RECORDS SHOWN:
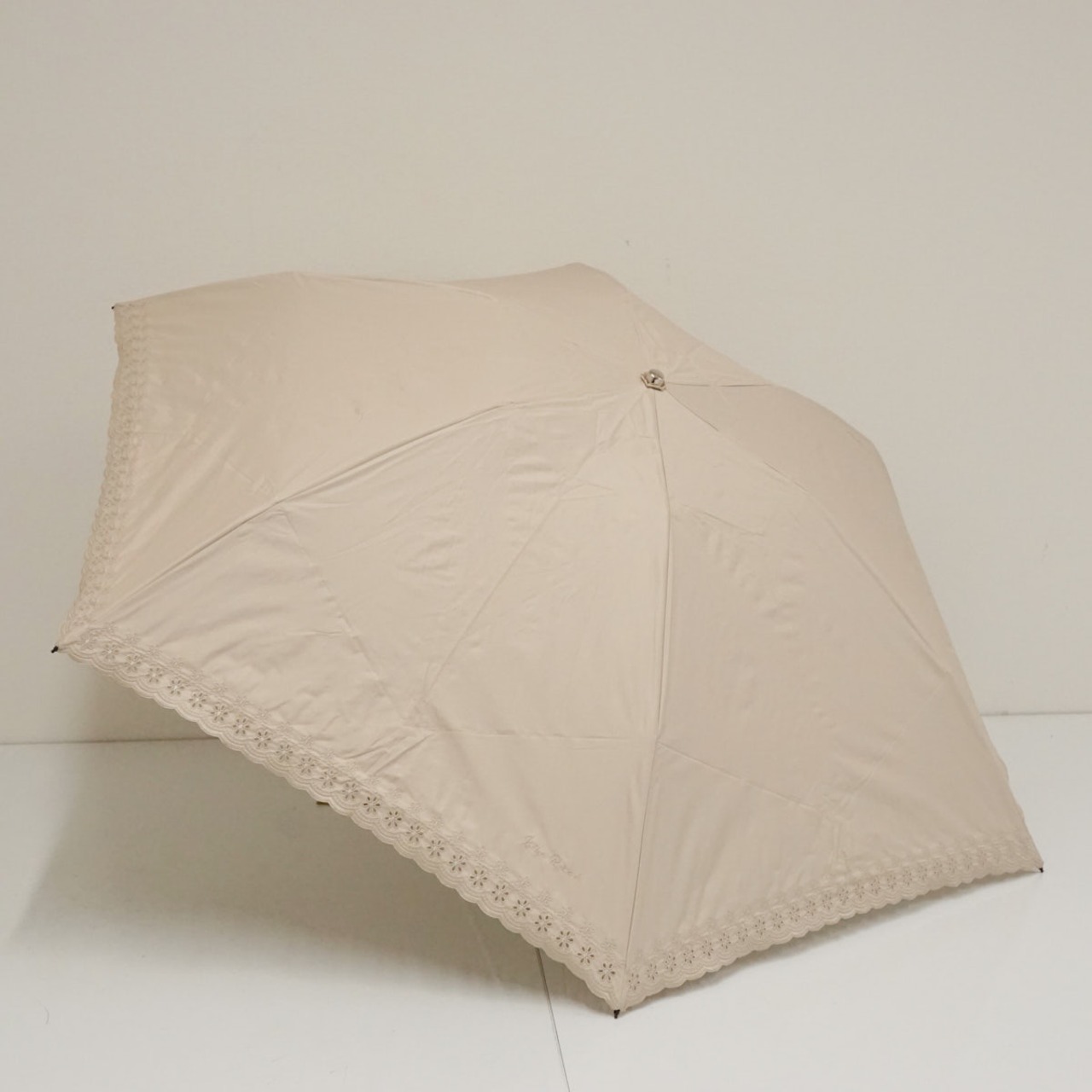 折りたたみ日傘 NINA RICCI ニナリッチ USED美品 晴雨兼用 ロゴ すそ刺繍 遮光 遮熱 UV ラージ ベージュ 55cm FA9285
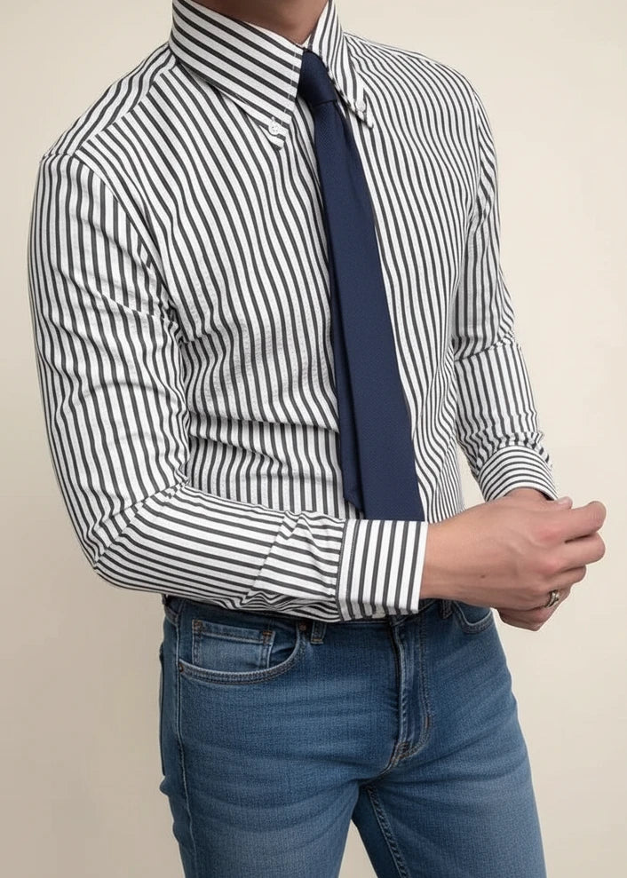 This men's striped button-up shirt offers a blend of classic style and modern appeal. The vertical stripes add a touch of sophistication, while the tailored fit provides a contemporary silhouette. Perfect for both casual and more dressed-up occasions, this long-sleeve shirt is a versatile addition to any wardrobe.
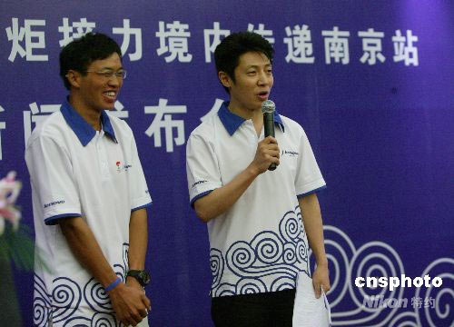 圖:奧運(yùn)火炬手陳佩斯、撒貝寧亮相南京(4)
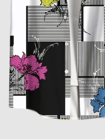 Plus Size Flower Striped Colorblock Scarf Graphic Print Hawaii Button Pocket Shirt For Men - Black - 4xl
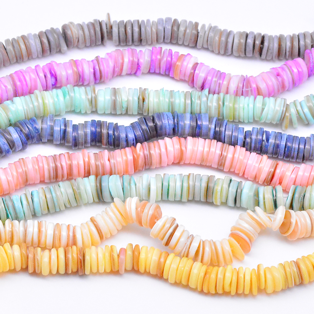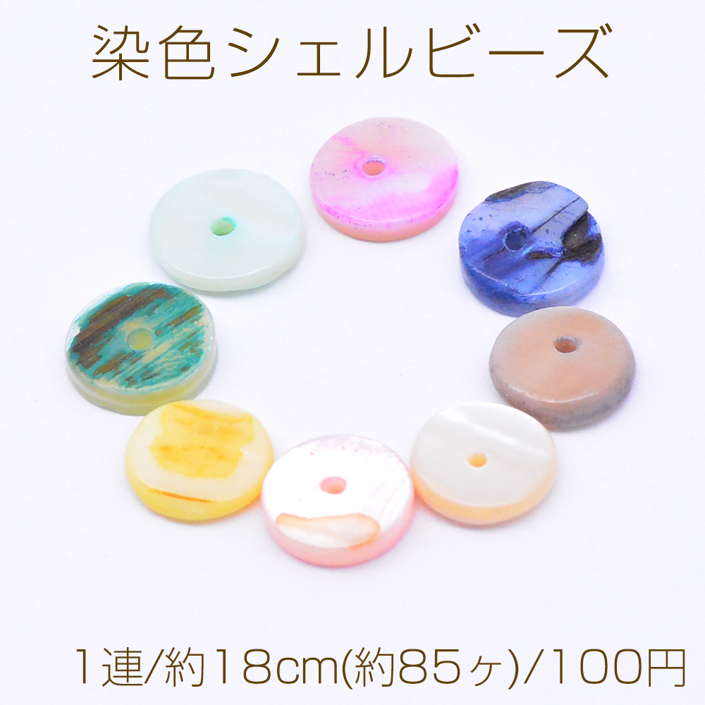 染色シェルビーズ フラットラウンド 9mm【1連/約18cm(約85ヶ)】
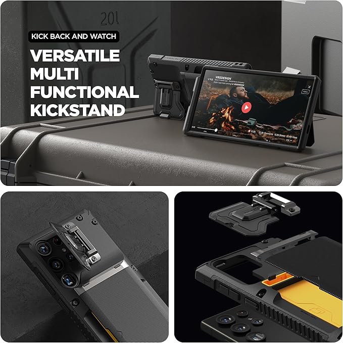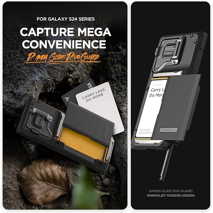 VRS DESIGN Damda Glide DuoGuard for Samsung Galaxy S24 Ultra Phone Case (2024), Premium Sturdy Fully Covered Camera Lens Protection Cover Card Holder Wallet Case (Logo Black)
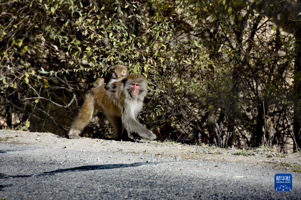 一只藏獼猴背著小猴子在公路旁行走(10月25日攝)。新華社記者 劉文博 攝
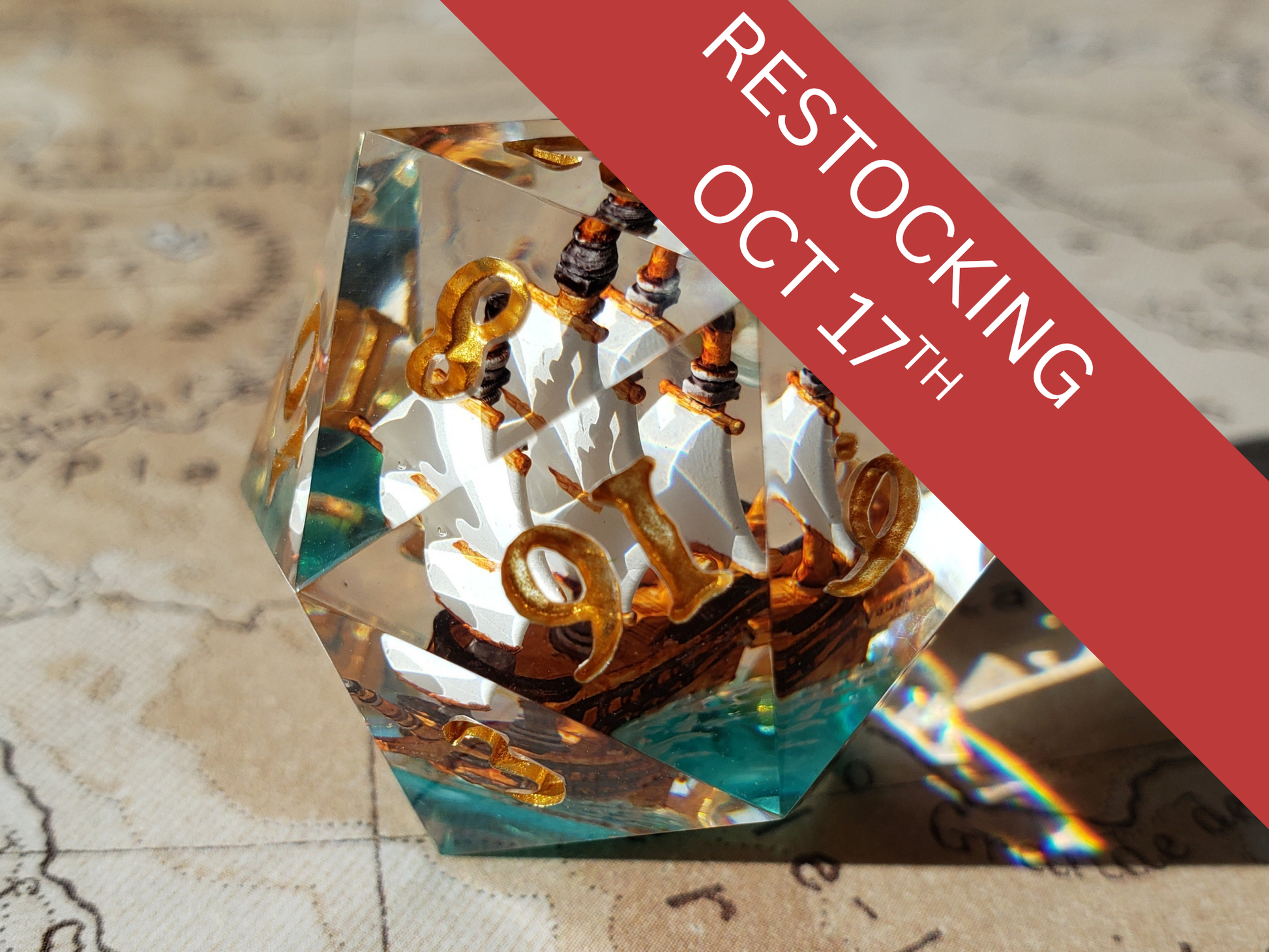 A single handmade, sharp-edged jumbo 30 mm D20 featuring a hand-painted insert of a ship under sail.
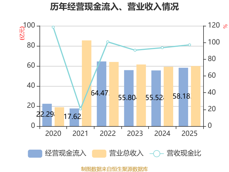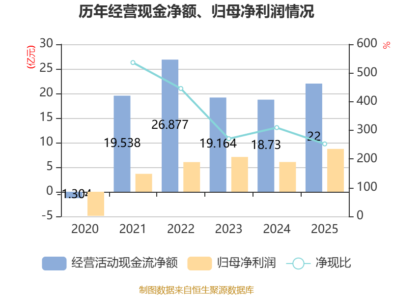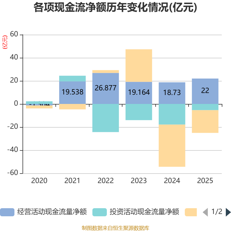 截至2025年,公司经营活动现金流净额为22亿元,同比增长17.46%;筹资活动现金流净额-19.68亿元,同比增加16.84亿元;投资活动现金流净额-5.39亿元,上年同期为-17.88亿元。
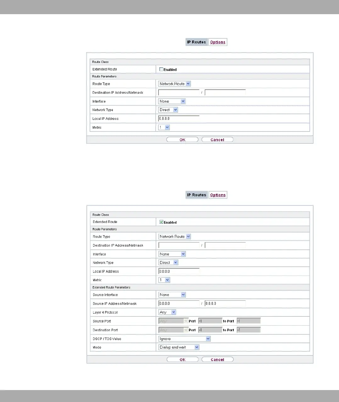 Fig. 72: Networking->Routes->IP Routes->New with Extended Route= not enabled.
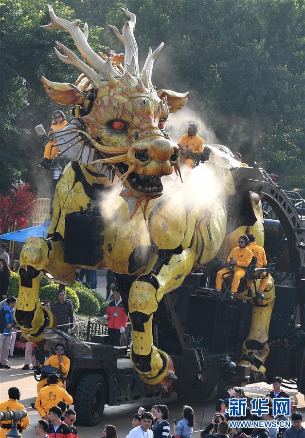 1月18日,大型機(jī)械裝置藝術(shù)品“龍馬精神”在珠海長(zhǎng)隆海洋王國巡游展示。新華社記者 劉大偉 攝
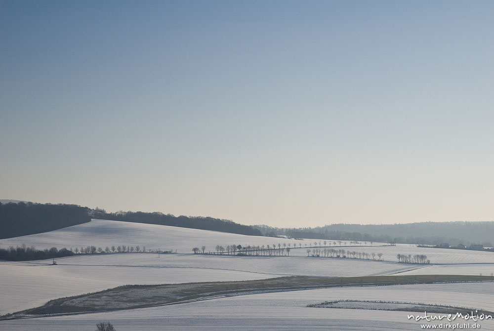 Winterlandschaft mit schneebedeckten Feldern, Feldwegen und Baumreihen, Diemarden bei Göttingen, Deutschland
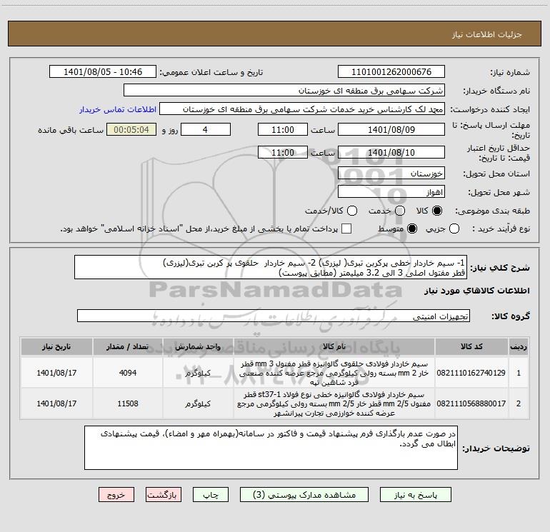 نام دستگاه خریدار:شرکت سهامی برق منطقه ای خوزستان
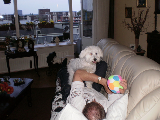 Honden foto's > Anita.Langen. > Kom net terug van de trimmer. Maar voor ik ga slapen eerst stoeien met de baas.

PROBLEM TO WORK ON: Where the line with "圖:奧運(yùn)火炬手陳佩斯、撒貝寧亮相南京(4)" appears, begin there and transcribe exactly through the last line of the data, leaving all pictures aside.

RESPONSE TO THIS EXERCISE:
 圖:奧運(yùn)火炬手陳佩斯、撒貝寧亮相南京(4)
 Plus Size Flower Striped Colorblock Scarf Graphic Print Hawaii Button Pocket Shirt For Men - Black - 4xl
 染色シェルビーズ フラットラウンド 9mm【1連/約18cm(約85ヶ)】
 VRS DESIGN Damda Glide DuoGuard for Samsung Galaxy S24 Ultra Phone Case (2024), Premium Sturdy Fully Covered Camera Lens Protection Cover Card Holder Wallet Case (Logo Black)
 一只藏獼猴背著小猴子在公路旁行走(10月25日攝)。新華社記者 劉文博 攝
 A single handmade, sharp-edged jumbo 30 mm D20 featuring a hand-painted insert of a ship under sail.
 截至2025年,公司经营活动现金流净额为22亿元,同比增长17.46%;筹资活动现金流净额-19.68亿元,同比增加16.84亿元;投资活动现金流净额-5.39亿元,上年同期为-17.88亿元。
 Fig. 72: Networking->Routes->IP Routes->New with Extended Route= not enabled.
 1月18日,大型機(jī)械裝置藝術(shù)品“龍馬精神”在珠海長(zhǎng)隆海洋王國巡游展示。新華社記者 劉大偉 攝
 Winterlandschaft mit schneebedeckten Feldern, Feldwegen und Baumreihen, Diemarden bei Göttingen, Deutschland
 نام دستگاه خریدار:شرکت سهامی برق منطقه ای خوزستان
 Honden foto's > Anita.Langen. > Kom net terug van de trimmer. Maar voor ik ga slapen eerst stoeien met de baas.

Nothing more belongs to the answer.